Quizá diciembre sea un mal mes para leer a Ricardo Reis. Hago balance del año y me cruzo por azar un verso tan demoledor como melancólico del heterónimo de Bernardo Soares: "Recuerdo mi infancia, estaban todos, nadie faltaba". Miramos hacia atrás, hacia la patria de nuestra infancia, hacia aquellas banderas en forma de camiseta que agitábamos jugando en la calle y vemos que el pasado cada vez es más grande y lejano, porque se nos va llenando de sombras y de vacíos. Vamos dejando arrinconadas tantas cosas en la memoria: las voces que poblaron nuestra niñez, los olores de aquellos inviernos, el tacto suave de nuestras abuelas... Este próximo enero hará dos años que murió mí tío Manolo, uno de esos tíos envuelto en el misterio; brillante emigrado sanabrés y nunca retornado, unas de esas historias de las que están llenas las memorias familiares. Este año que ya termina se llevó por delante en mayo a mi tío Jesús, ese buen tío del que se alimentan nuestras infancias. El tío que jugaba, el que reía, el que nos llevaba siempre a todos a todos los sitios. Al que yo veía leer los periódicos. Pocas semanas después, al final de la primavera, le tocó el turno a mi tío Sindo, de San Juan de la Cuesta, un hombre trabajador al acompañábamos Tono y yo de niños en Prada, provincia de Orense, mientras él nos hacía sentir importantes y mayores compartiendo un vaso de casera tintada lejos de la mirada de nuestros padres.

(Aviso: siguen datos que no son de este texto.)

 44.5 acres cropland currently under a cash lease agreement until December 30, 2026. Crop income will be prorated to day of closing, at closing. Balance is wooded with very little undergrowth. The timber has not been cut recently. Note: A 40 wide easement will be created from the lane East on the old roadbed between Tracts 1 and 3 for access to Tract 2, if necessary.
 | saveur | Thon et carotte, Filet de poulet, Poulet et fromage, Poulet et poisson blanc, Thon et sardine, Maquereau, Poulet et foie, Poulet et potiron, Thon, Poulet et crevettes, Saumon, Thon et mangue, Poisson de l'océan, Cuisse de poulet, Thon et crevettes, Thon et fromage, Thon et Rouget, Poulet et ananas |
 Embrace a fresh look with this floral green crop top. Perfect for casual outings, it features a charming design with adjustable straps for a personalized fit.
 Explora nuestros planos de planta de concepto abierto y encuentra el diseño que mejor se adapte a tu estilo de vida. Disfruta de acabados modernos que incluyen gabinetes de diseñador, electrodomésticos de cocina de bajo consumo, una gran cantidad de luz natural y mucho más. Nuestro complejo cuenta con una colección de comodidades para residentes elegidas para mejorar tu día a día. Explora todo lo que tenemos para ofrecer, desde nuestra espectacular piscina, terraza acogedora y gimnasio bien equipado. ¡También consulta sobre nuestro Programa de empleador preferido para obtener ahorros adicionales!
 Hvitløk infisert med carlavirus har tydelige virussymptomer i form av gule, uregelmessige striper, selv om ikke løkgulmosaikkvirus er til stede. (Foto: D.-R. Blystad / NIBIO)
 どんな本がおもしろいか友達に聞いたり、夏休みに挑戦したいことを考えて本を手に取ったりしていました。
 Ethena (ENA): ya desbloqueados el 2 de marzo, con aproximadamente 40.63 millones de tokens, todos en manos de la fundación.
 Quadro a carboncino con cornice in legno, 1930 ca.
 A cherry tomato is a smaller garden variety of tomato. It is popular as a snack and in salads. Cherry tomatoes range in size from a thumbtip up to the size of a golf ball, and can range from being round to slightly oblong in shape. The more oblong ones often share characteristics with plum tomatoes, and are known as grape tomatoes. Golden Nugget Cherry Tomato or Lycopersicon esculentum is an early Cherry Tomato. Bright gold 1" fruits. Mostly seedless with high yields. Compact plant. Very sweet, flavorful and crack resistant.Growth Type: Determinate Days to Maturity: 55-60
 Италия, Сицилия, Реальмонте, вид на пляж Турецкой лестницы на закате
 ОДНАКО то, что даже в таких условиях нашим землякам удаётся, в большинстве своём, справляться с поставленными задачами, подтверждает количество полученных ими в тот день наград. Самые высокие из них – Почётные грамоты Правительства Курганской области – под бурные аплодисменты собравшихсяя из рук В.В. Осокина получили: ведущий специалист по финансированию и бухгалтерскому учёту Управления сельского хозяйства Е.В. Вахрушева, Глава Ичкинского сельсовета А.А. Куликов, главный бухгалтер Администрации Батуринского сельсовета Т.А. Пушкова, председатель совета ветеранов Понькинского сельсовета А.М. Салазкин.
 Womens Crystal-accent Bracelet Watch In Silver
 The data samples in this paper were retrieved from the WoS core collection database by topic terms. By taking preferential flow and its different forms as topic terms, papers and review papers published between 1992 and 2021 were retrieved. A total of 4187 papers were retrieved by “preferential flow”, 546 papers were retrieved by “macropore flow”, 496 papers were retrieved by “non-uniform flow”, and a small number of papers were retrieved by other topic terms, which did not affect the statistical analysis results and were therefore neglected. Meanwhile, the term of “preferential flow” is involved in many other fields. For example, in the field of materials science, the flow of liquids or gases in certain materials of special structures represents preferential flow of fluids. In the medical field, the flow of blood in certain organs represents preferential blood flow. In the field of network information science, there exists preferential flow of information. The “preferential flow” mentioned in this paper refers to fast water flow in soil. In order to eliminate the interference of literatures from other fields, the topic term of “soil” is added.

Crecer es entender que el mundo que otros construyeron para ti cuando eras un niño se perderá sin remedio con el paso de los años. Nunca podrás hablar con tus abuelos de tú a tú y no estarán tus padres cuando necesites su consejo en el ocaso de tu vida. Son vidas, vivencias y recuerdos que se pierden y de las que muchas veces no queda más registro que la fría estadística oficial, pero también son vidas que se guardan en nuestra memoria mientras nosotros la conservemos, recuerdos transformados en "peatones celestes", como en el verso de Claudio, que nos acompañan durante décadas para incrustarse en lo más profundo de nuestras vidas. Sandor Marái reflexionaba también en sus memorias la presencia de los que se han ido y nos contaba que "Uno pasa muchos años sintiéndose solo entre la gente hasta que un día se encuentra con sus muertos y nota su presencia discreta pero constante." Por eso es bueno recordar con la letra escrita lo que fuimos y lo que fueron aquellos que nos hicieron ser lo que somos. Quizá sea parte de esa herencia judía que, invisible, vemos a poco que fijemos la vista en la nuestra tierra, como a veces sugiere sin decir nada "el mí maestro" Anta Lourenço.

Y, sin embargo, esa melancolía que transmite el verso de Alberto Caeiro se corrige mirando hacia adelante, me dijo hace poco Jorge Moreta, descubridor de Fernando Pessoa, reseñador en estas páginas y amigo infatigable. Hoy estamos construyendo el ayer del mañana de los que aquí se quedarán. Hoy, para nuestros hijos o para nuestros sobrinos, también para nuestros nietos "estamos todos" y este será el mundo que quizá añoren cuando sean mayores. En Castilla, en esta tierra despoblada en la que, como nos cantó nuestro poeta "ya no hay banderas, ni murallas ni torres" la vieja nobleza siempre sostuvo que, en realidad, de uno en uno, no somos dueños de nada, sólo somos depositarios. De un legado. Por eso, si has disfrutado de una buena infancia, o has tenido la suerte de tener una buena educación, tú misión es dársela a los que vienen detrás de ti. Nada de lo que tenemos es nuestro en realidad. Es sólo un legado. Un legado que algún día miraremos también nosotros desde el más allá, convertidos en peatones celestes, cazando charrelas y pastoreando sueños mientras ellas orean las nubes.